Few fields are approx 50% are int/double and remaining 50% are both text n keyword. Required for searching. Total number of fields: 703

Keith_Massey · May 26, 2022, 1:09pm

Did you have any indexing in Hive? Elasticsearch is indexing all of your data for search, which has a cost. 17x does sound incredibly high, but if you're now indexing 703 fields for every document, and previously you were only storing source, that doesn't sound crazy. Do you need all the fields indexed? Including your mapping here might help.
Also what was your replication in HDFS? Does the 35 GB include replicas?

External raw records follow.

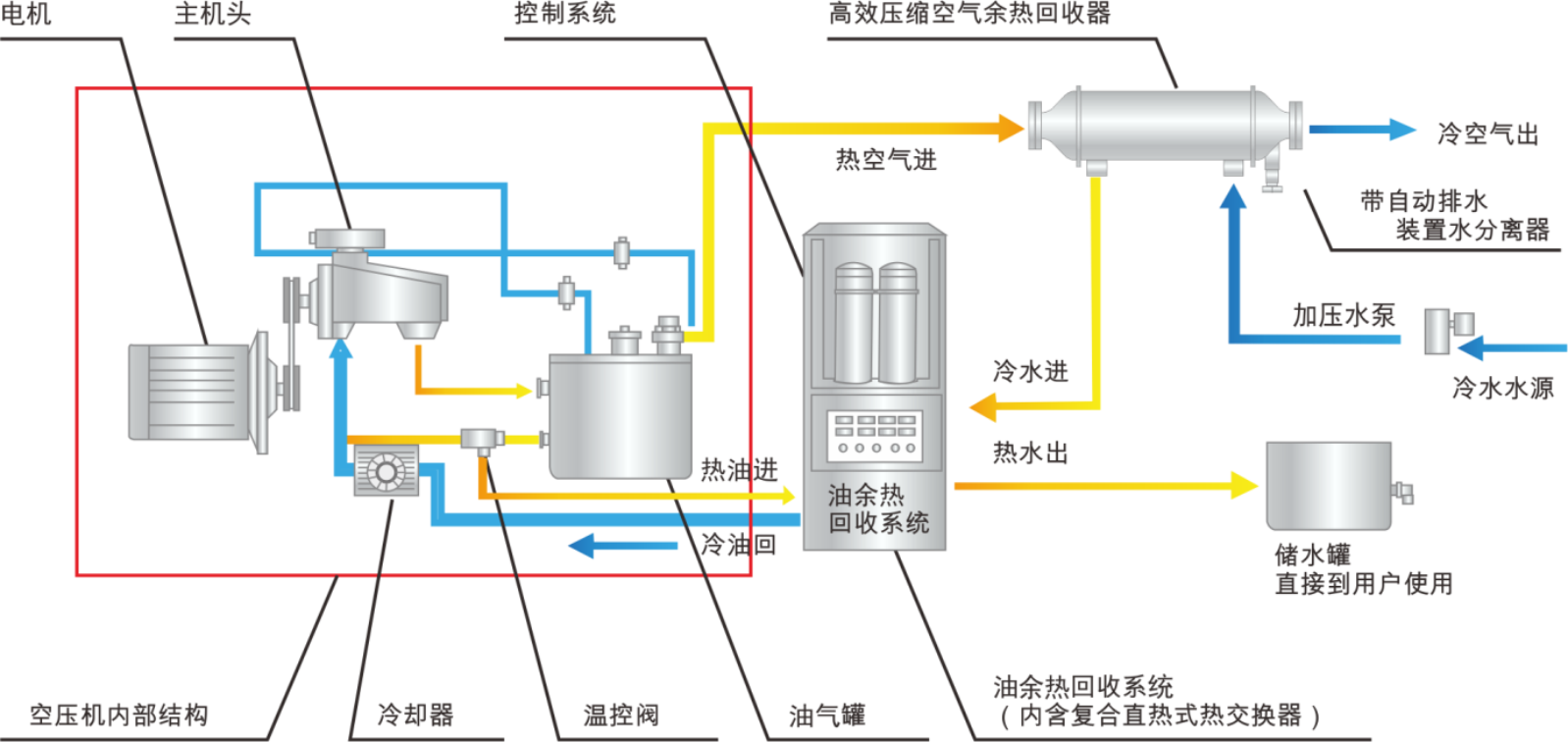 减轻冷却系统负荷:余热回收系统带走了大部分热量,使空压机的油温和气温保持在最佳工作区间,大大减轻了原装冷却系统(风扇和油冷却器)的负荷。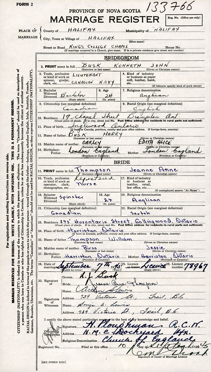 1. PRINT name in full Busk, Kenneth John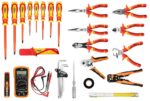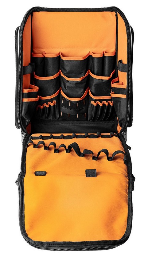 Plecak elektryka 31 elementów 01-313 marki NEO TOOLS to kompletny zestaw narzędzi składający się z 31 elementów. Plecak ma pojemność 20 litrów i jest wyposażony w 7 zewnętrznych kieszeni oraz 19 wewnętrznych kieszeni, co zapewnia wygodne przenoszenie i organizację narzędzi. Wykonany jest z wytrzymałego materiału polyester 600D. Jego wymiary to: szerokość – 370 mm, głębokość – 275 mm, i wysokość – 515 mm. Dodatkowo, plecak posiada gumowaną podstawę oraz sztywną ramę. W skład zestawu wchodzą narzędzia wykonane z wysokiej jakości materiałów, takie jak narzędzia z materiału CrV z dwukomponentowym uchwytem: szczypce uniwersalne izolowane (180 mm), szczypce boczne izolowane (160 mm), szczypce wydłużone proste izolowane (200 mm), szczypce wydłużone wygięte izolowane (200 mm), szczypce do ściągania izolacji izolowane (160 mm), oraz szczypce boczne izolowane (180 mm). Znajdują się tu także wkrętaki z materiału S2 z dwukomponentowym uchwytem w tym krzyżowe izolowane (PH0 x 60 mm, PH1 x 80 mm, PH2 x 100 mm, PH3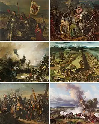 A French army defeated the Spanish at Ravenna on 11 April 1512, but their leader Gaston de Foix was killed, while the Swiss recaptured Milan and restored Ludovico's son Massimiliano Sforza as duke.[41] The members of the League then fell out over dividing the spoils and the death of Pope Julius on 20 February 1513 left it without effective leadership.[42] In March, Venice and France formed an alliance, but from June to September 1513 the League won victories at Novara and La Motta in Lombardy, Guinegate in Flanders and Flodden in England. Despite this, fighting continued in Italy, with neither side able to gain a decisive advantage.[43]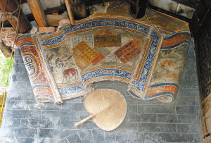 | 儋州南丰镇海雅村林氏围屋廊心墙上的卷册。 |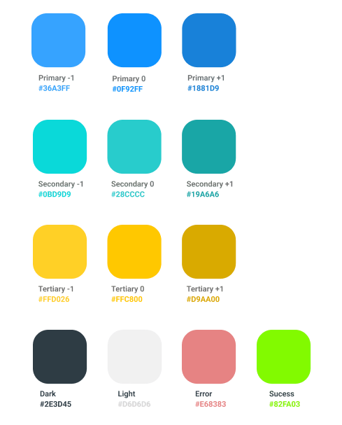 Nossa paleta de cores foi baseada na paleta já usada pelo próprio banco, sendo azul nossa cor primária, pois transmite para o usuário uma sensação de alegria, segurança, tranquilidade e confiança. A cor secundária é um verde mais claro, contrastando bem com o azul e formando um degradê agradável, utilizado em algumas telas. Além disso, essa cor reforça o sentimento de segurança e confiança que queremos transmitir para o usuário. Também selecionamos uma cor terciária, o amarelo, utilizado nas ilustrações e detalhes para trazer uma sensação de leveza.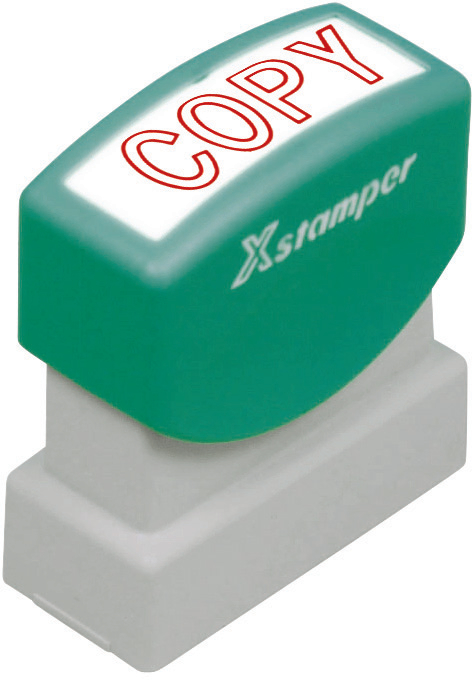 X-STAMPER® Wortstempel selbstfärbend stempelt bis 100000 mal, bevor Nachfüllen erforderlich, Stempeltext im Fenster ersichtlich. Text englisch Copy rot

charvi23 · May 26, 2022, 1:15pm

Can you please help me to differentiate between storing n indexing. As per my understanding store means this
By default, field values are indexed to make them searchable, but they are not stored. This means that the field can be queried, but the original field value cannot be retrieved.

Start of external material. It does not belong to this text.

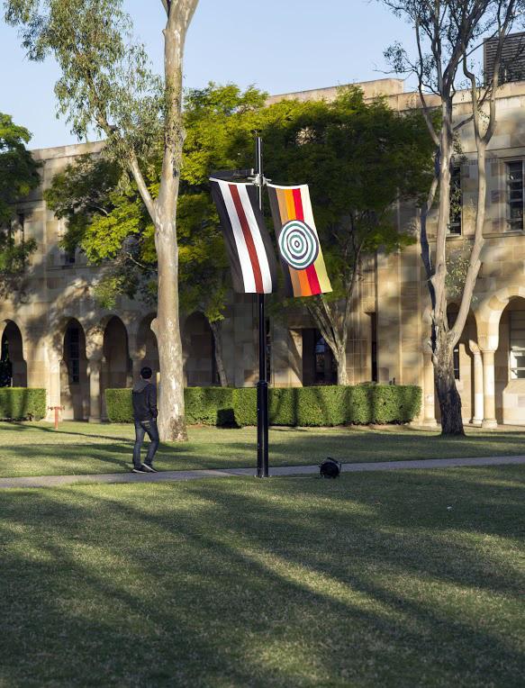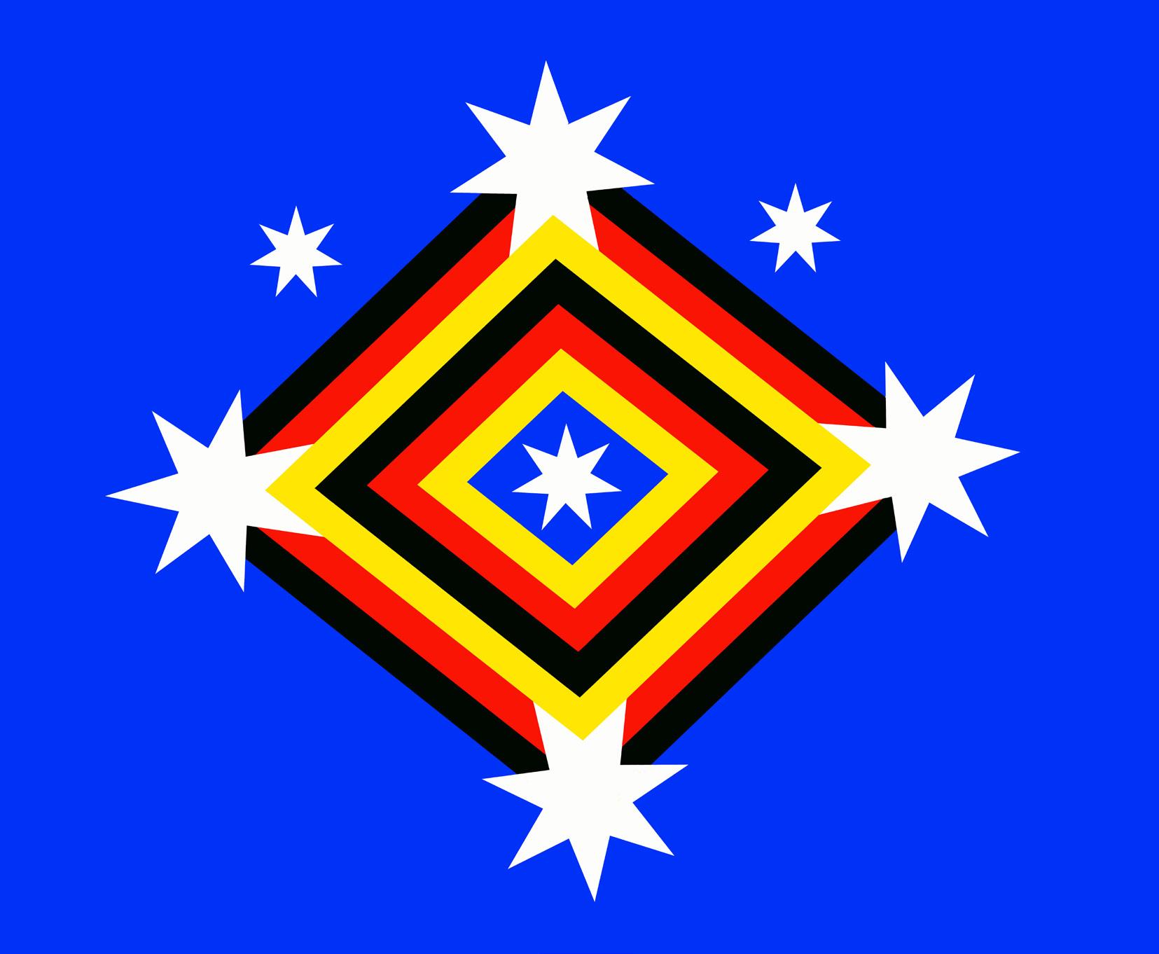 Created for a pathway leading to the central flag bearing Forgan Smith Tower at the University, Moore’s flags are fictional in the same way that Mathews’ mapping of Aboriginal nations is to some extent imagined. These “artworks masquerading as flags” consider flag protocols and reference some unique elements of the lands and cultures to which they refer. Elements of truth exist in Mathews’ research and Moore’s art works. As the artist’s taste for certain attractive designs is imprinted upon each banner, the resulting work becomes ambiguous and contradictory. Bold colours and modernist patterns raise questions in respect of the original research as well as the flag’s facility to effectively represent a certain group of people. Multi-layered issues of authenticity represented by each flag include a personal commentary addressing Moore’s fragmented identity and an uncertain ancestry.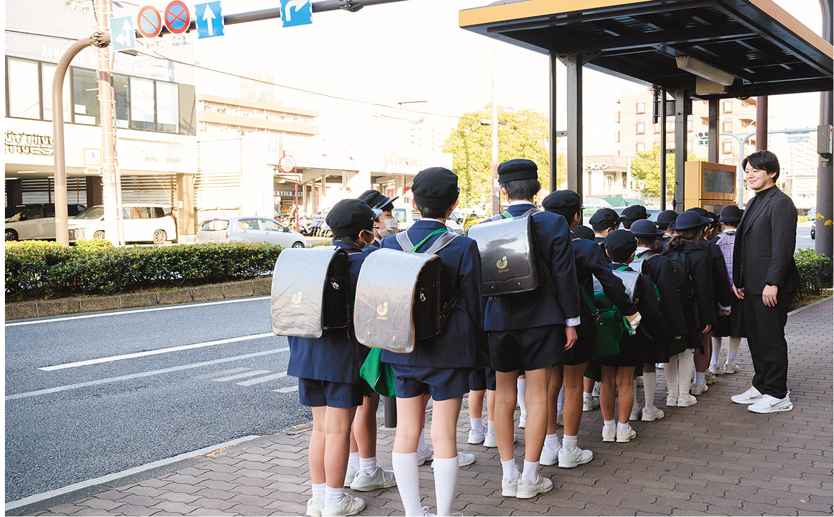 校門には警備員が常駐するとともに、防犯カメラも設置。登下校時以外は全ての門を閉め、警備員が来校者をェック。教員も定期的に校内を巡回し、子どもたちの安全を守ります。また、登下校の際は、教員と警備員が周辺を監視しながら、子どもたちの見守りを行います。下校時、最寄りのバス停にも教員が立ち、低学年児童には近鉄の駅まで引率します。

We are explicitly not storing it. Do you mean adding text n keyword both to each field?

Also this does not include replica, but currently I am working on single cluster, so ES data is also not replicated.

I cannot actually share complete mapping due to client restrictions. All the fields are similar to what have been mentioned above.

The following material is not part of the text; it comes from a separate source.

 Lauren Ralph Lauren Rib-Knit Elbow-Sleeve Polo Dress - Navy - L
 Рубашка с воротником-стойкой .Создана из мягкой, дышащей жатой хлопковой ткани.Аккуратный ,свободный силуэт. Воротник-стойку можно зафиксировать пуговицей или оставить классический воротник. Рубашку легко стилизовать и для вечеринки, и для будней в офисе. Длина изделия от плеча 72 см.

charvi23 · May 26, 2022, 1:28pm

Also can this storing and indexing make the data size 17x , I can imagine it to be doubled/tripled at max.

Keith_Massey · May 26, 2022, 2:08pm

If you are setting number_of_replicas in Elasticsearch to 1, you're actually getting two copies of the data (one primary and one replica). The terminology is a little different from HDFS, where a replication of 1 means there is just one copy of the data.

Christian_Dahlqvist · May 26, 2022, 3:07pm

If you are indexing 35GB of raw data with that many fields I suspect you would be better off with a larger number of primary shards. I would recommend setting it to 3 or perhaps even 5 in an index template.

I would also recommend you go though this guide if you have not already.

I would expect the text fields to have the potential to take up a lot of space here. Exactly how much space they will take up should depend on the length and cardinality of the text fields as well as how they tokenize with the default analyzer.

If you have fields that you want to aggregate on but are not normal text that can be broken up by the default analyzer I would recommend mapping these as keyword only where possible.

If you have long text fields with high cardinality, check if you can map these as text only and not keyword.

Having said that I would acknowldege that your ratio looks extreme (I have never seen anything even remotely that high as far as I can recall), but it is very difficult to determine why without analysis of the data.

BenB196 · May 26, 2022, 6:51pm

You could take a look at: Analyze index disk usage API | Elasticsearch Guide [8.2] | Elastic to see where the disk usage is coming from in the index. You might need to run the command with run_expensive_tasks=true to get all the needed information (not exactly sure what is returned when you don't include it)

charvi23 · May 27, 2022, 4:41am

I am working on single node cluster, in that case too will replica factor of 1 mean two copies? My understanding was in single node cluster replica factor 1 does not mean anything. Isn't that true?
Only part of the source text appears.